• _Task requirements_
Write out word for word the lines from the one holding "This classic Henley" through the end of the data, and only those lines. Pictures stay out.

• _Source data_
/---
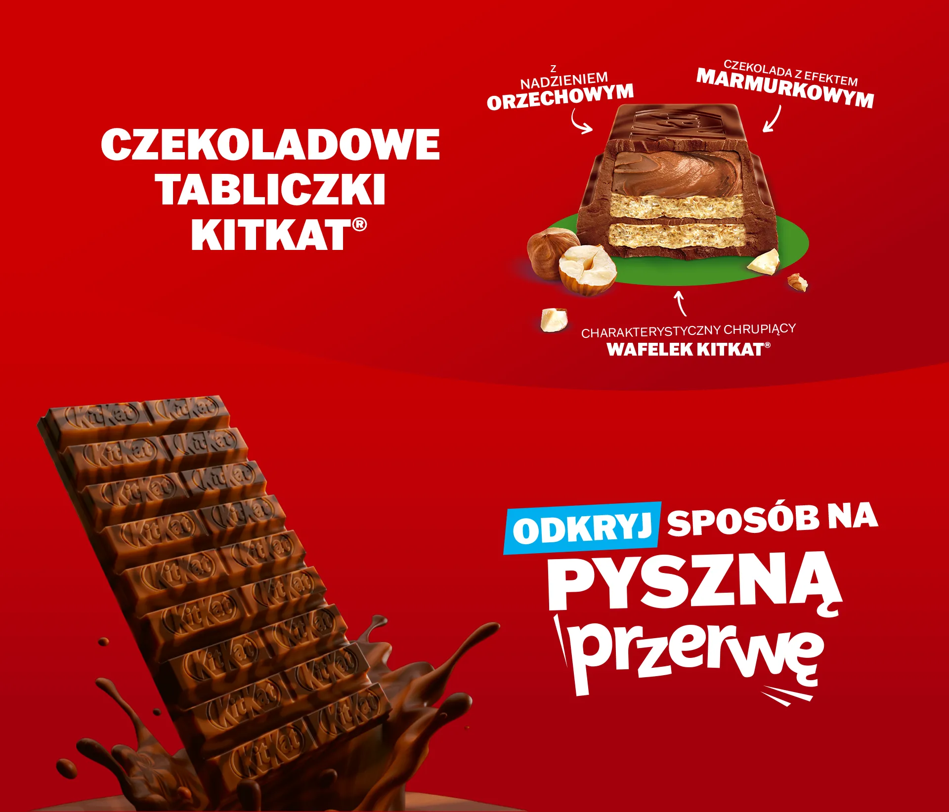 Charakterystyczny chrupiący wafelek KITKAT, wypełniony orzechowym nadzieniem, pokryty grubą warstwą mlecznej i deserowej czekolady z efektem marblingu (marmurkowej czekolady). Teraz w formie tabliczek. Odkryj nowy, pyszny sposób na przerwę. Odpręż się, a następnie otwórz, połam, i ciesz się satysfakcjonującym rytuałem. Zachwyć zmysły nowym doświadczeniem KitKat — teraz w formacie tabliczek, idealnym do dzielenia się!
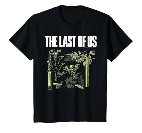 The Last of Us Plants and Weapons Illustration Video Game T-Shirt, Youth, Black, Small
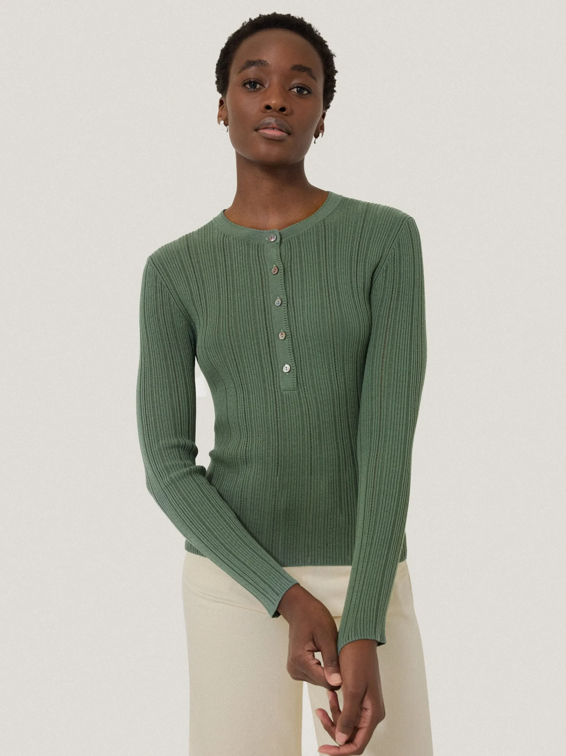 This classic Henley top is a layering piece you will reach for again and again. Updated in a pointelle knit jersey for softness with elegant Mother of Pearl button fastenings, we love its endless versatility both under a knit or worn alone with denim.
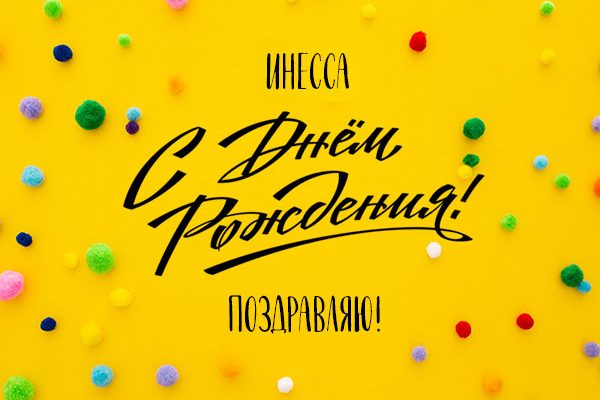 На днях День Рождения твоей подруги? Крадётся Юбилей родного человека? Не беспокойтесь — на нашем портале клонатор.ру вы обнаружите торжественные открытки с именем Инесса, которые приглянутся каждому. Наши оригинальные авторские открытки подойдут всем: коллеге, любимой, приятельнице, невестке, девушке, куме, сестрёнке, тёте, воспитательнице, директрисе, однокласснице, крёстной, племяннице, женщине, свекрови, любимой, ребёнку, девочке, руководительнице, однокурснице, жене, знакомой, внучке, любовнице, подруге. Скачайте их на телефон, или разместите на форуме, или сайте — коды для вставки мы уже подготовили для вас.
\---
• _Answer_
 This classic Henley top is a layering piece you will reach for again and again. Updated in a pointelle knit jersey for softness with elegant Mother of Pearl button fastenings, we love its endless versatility both under a knit or worn alone with denim.
 На днях День Рождения твоей подруги? Крадётся Юбилей родного человека? Не беспокойтесь — на нашем портале клонатор.ру вы обнаружите торжественные открытки с именем Инесса, которые приглянутся каждому. Наши оригинальные авторские открытки подойдут всем: коллеге, любимой, приятельнице, невестке, девушке, куме, сестрёнке, тёте, воспитательнице, директрисе, однокласснице, крёстной, племяннице, женщине, свекрови, любимой, ребёнку, девочке, руководительнице, однокурснице, жене, знакомой, внучке, любовнице, подруге. Скачайте их на телефон, или разместите на форуме, или сайте — коды для вставки мы уже подготовили для вас.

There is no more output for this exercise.